ICT CS Joe Mucheru (second from left) shakes hands with Chairman of Kodris Africa Mwaniki Munuhe (right) as his PS Jerome Ochieng (second from right) and DCI boss George Kinoti on June 8, 2022 when the government launched training on digital skills in partnership with Kodris Africa. [Collins Kweyu, Standard]

ICT Cabinet Secretary Joseph Mucheru has distanced himself from the controversial ICT Practitioners Bill passed by Parliament last week. The Bill requires professionals in the sector to have a degree to practice.

Mr Mucheru termed the Bill as a ‘surprise’ of the political season and stated that he will do his part in safeguarding the sector against the tenets of the Bill viewed as retrogressive by industry stakeholders.

“This ICT Bill is a private member’s Bill,” he said. “As a ministry, we continuously fought against this bill in its various forms.”

The ICT Practitioners Bill 2020 passed by Parliament last week was proposed by nominated Member of Parliament Godfrey Osotsi, who is also the CEO and director at Businet Systems Ltd, a firm that provides training and consultancy services in the ICT sector.

The Bill seeks to establish an ICT Institute to register and license ICT practitioners and collect membership fees.

The Institute will also be responsible for approving ICT curriculum, setting and administering examinations and arbitrating disputes between practitioners and their clients.

The Bill further introduces minimum qualifications that individuals must attain to receive certification by the Institute, failure to which they will be barred from practising.

“A person shall not be entitled to recover a fee for ICT services unless such person is licensed under this Act,” states Section 27 of the ICT Practitioners Bill 2020.

“Every person eligible to be registered as an ICT practitioner may apply in the prescribed form to the Registrar for registration in the register, and every such application shall be accompanied by the prescribed fee,” reads the Bill in part.

The Bill has been on parliament’s legislative agenda since 2017 despite opposition from stakeholders in the sector, who see it as an attempt by professional bodies to lock out freelancers from lucrative tenders and job opportunities.

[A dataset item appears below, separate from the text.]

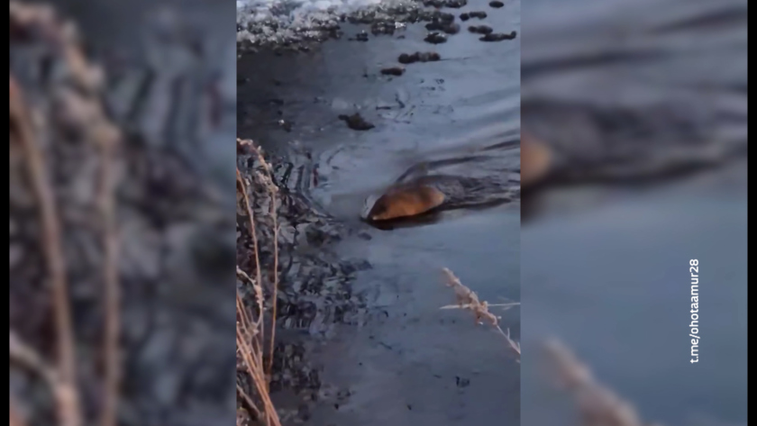 Торопливую ондатру встретил инспектор охотнадзора в Октябрьском округе. Деловитый зверек быстро плыл по ручью. С приходом весны у этих животных начинается период особой активности.

In 2017, the Communication Authority of Kenya (CA) issued a notice urging members of the public to seek ICT services only from those practitioners registered by the authority and with a compliance certificate issued by the regulator.

“The authority is mandated to grant licences to operating entities and persons as well as regulate the provision of services within the sector,” read the statement from CA in part. “Members of the public are hereby advised to only obtain or procure ICT services from persons and entities in possession of valid licenses and compliance certificates issued by CA for the current period.”

Last month Members of Parliament praised the Bill as a means of introducing standardisation in the country’s ICT labour market and establishing a reliable database for the Kenya Revenue Authority’s (KRA) efforts to collect digital services taxes.

“This Bill will ensure that the KRA systems will be able to know those who are collecting so much from their talents and, in turn, increase revenue collection,” said Kilifi South Member of Parliament Richard Chonga during a debate on the Bill.

“Everyone seems to be going to ICT and we have young people who have done data science and others are doing artificial intelligence,” he said.

However, opponents of the Bill state that a big portion of experts in the ICT profession are self-taught such as software developers who develop their skills from open-source coding schools that might not be recognised by the Kenyan curriculum.

The Bill also comes at a time the government is pushing for the adoption of coding lessons in primary schools to grow the country’s skills and knowledge base in the lucrative sector.